--- EXERCISE ---
Omitting all images, give the entries that follow again exactly as they read.

━━━━━ DATA PROVIDED

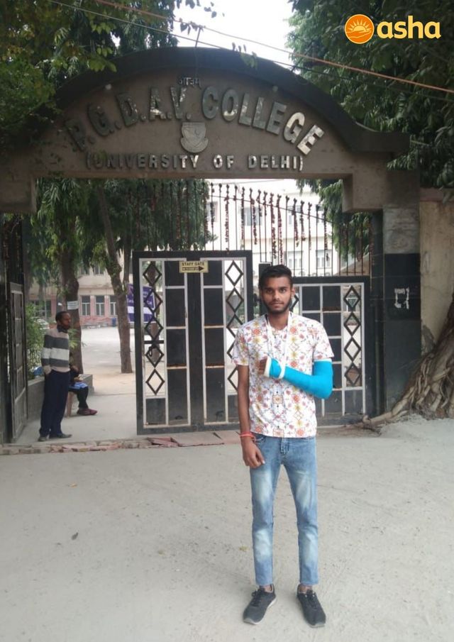Sumit’s hard work and Asha’s continuous academic and infrastructural support helped him secure 94.75% in his school-leaving class XII boards . He performed the rare feat of scoring an incredible 100% in Economics!He also developed an interest in the subject and wanted to pursue higher studies in the same field. However, there was a new set of challenges in his life. His parents were very reluctant to let him allow higher education because of the financial constraints in the family. The adverse environment in their surroundings also influenced their decision as they thought that a university education might spoil their child. However, the Asha team and the student ambassadors regularly visited his house, counselled and convinced his parents about the benefit of a university education and how it would help him earn a better living and move out of poverty. Asha team also assured them that the financial expenses on Sumit’s education would be taken care of by Asha.
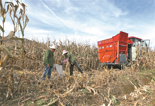 为此,贾令镇一方面对接上级协调了3台玉米收割机,破解传统农机“陷车”难题;另一方面组织党员干部实地摸排地块积水,为作业扫清障碍。动员组建“党员+农机专班+农技小分队”的抢收组合,抢抓晴好天气窗口推进收割。“往年雨天收这点粮得两天,今年有适配收割机,还有干部全程盯守,半天就收完了!”看着满车粮食,张晋忠难掩激动。
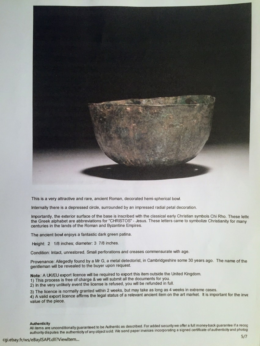 Coupe romaine en bronze avec chrisme – Circa IIIe/IVe siècle de notre ère.
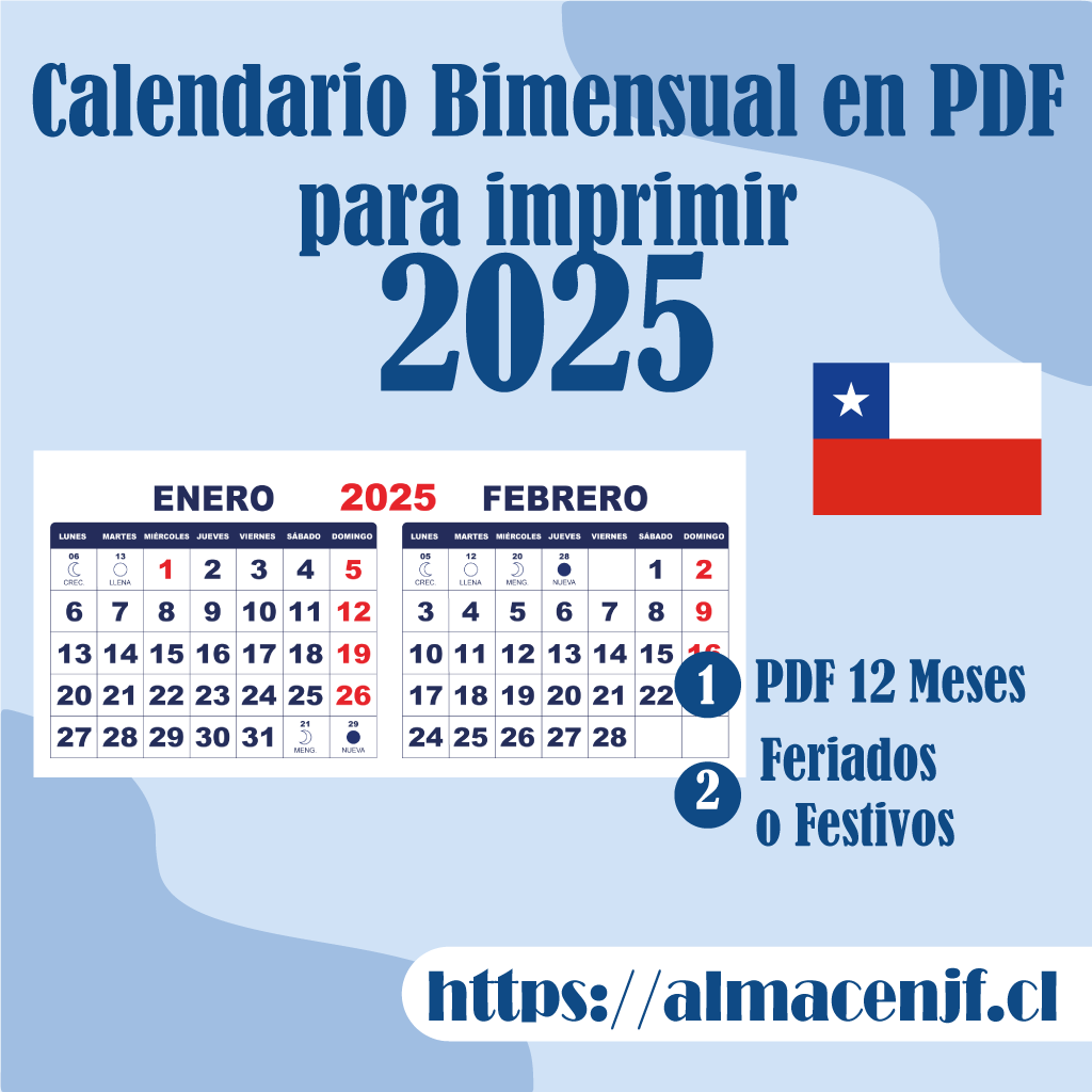Calendario Bimensual 2025 Archivo Digital en PDF imprimible
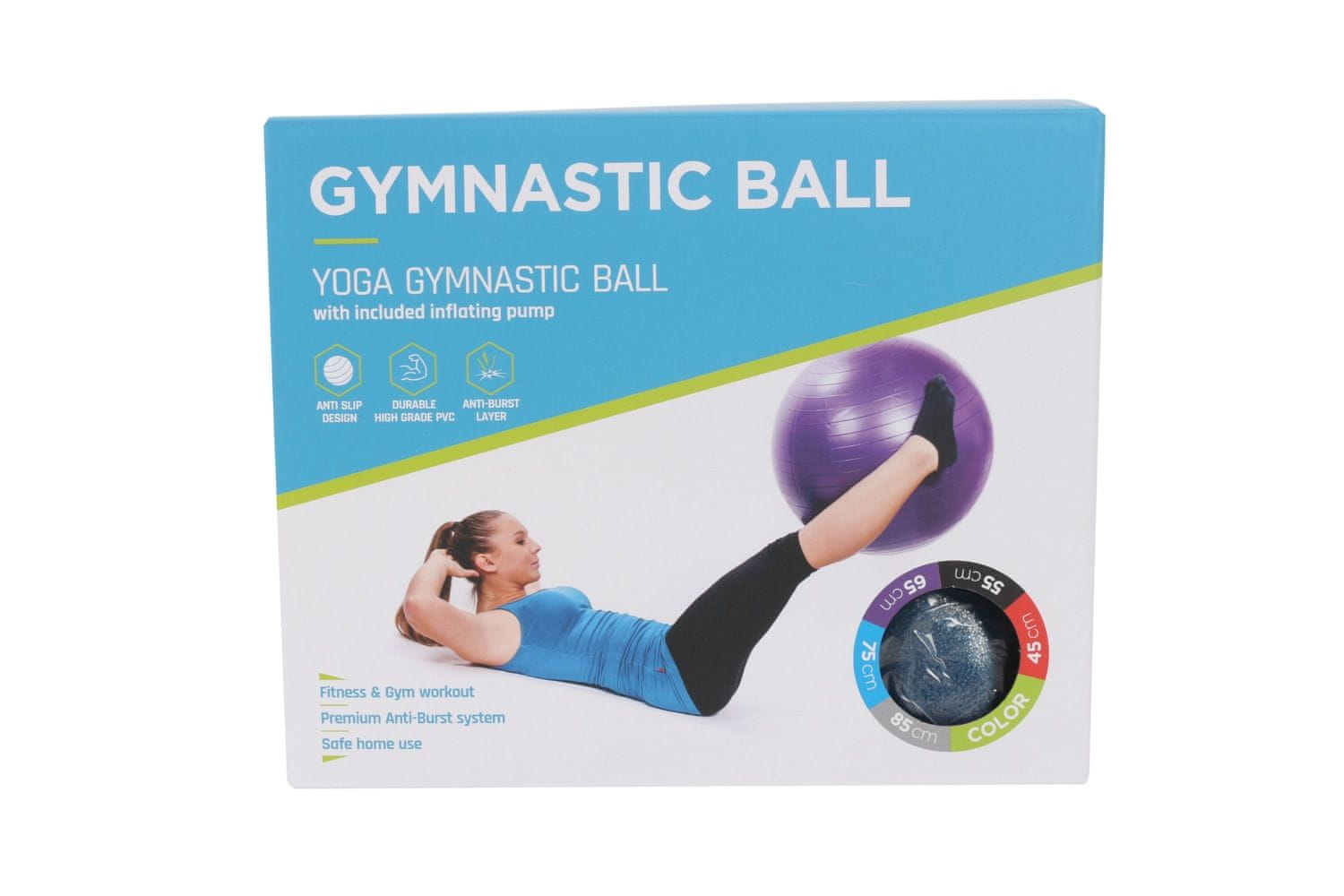 Z vadbo na žogi boste okrepili zadnjico, stegna, spodnji del hrbta in trebušne mišice. Žoga je narejena iz kvalitetnega Anti-brust materiala, ki ob morebitni poškodbi žoge omogoča, da zrak iz žoge uhaja postopoma.
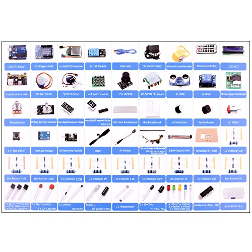 Has all the arduino products you need in Nice package with clear listing , such as 9V 1A Power Supply lcd display Ultrasonic Sensor Module shield SG90 motor Ultrasonic Sensor Module wire,LED, IC,buttons,diodes ,etc.All the modules come soldered so they are easy to wire up.

━━━━━━━━━━

--- EXERCISE RESPONSE ---
Sumit’s hard work and Asha’s continuous academic and infrastructural support helped him secure 94.75% in his school-leaving class XII boards . He performed the rare feat of scoring an incredible 100% in Economics!He also developed an interest in the subject and wanted to pursue higher studies in the same field. However, there was a new set of challenges in his life. His parents were very reluctant to let him allow higher education because of the financial constraints in the family. The adverse environment in their surroundings also influenced their decision as they thought that a university education might spoil their child. However, the Asha team and the student ambassadors regularly visited his house, counselled and convinced his parents about the benefit of a university education and how it would help him earn a better living and move out of poverty. Asha team also assured them that the financial expenses on Sumit’s education would be taken care of by Asha.
 为此,贾令镇一方面对接上级协调了3台玉米收割机,破解传统农机“陷车”难题;另一方面组织党员干部实地摸排地块积水,为作业扫清障碍。动员组建“党员+农机专班+农技小分队”的抢收组合,抢抓晴好天气窗口推进收割。“往年雨天收这点粮得两天,今年有适配收割机,还有干部全程盯守,半天就收完了!”看着满车粮食,张晋忠难掩激动。
 Coupe romaine en bronze avec chrisme – Circa IIIe/IVe siècle de notre ère.
Calendario Bimensual 2025 Archivo Digital en PDF imprimible
 Z vadbo na žogi boste okrepili zadnjico, stegna, spodnji del hrbta in trebušne mišice. Žoga je narejena iz kvalitetnega Anti-brust materiala, ki ob morebitni poškodbi žoge omogoča, da zrak iz žoge uhaja postopoma.
 Has all the arduino products you need in Nice package with clear listing , such as 9V 1A Power Supply lcd display Ultrasonic Sensor Module shield SG90 motor Ultrasonic Sensor Module wire,LED, IC,buttons,diodes ,etc.All the modules come soldered so they are easy to wire up.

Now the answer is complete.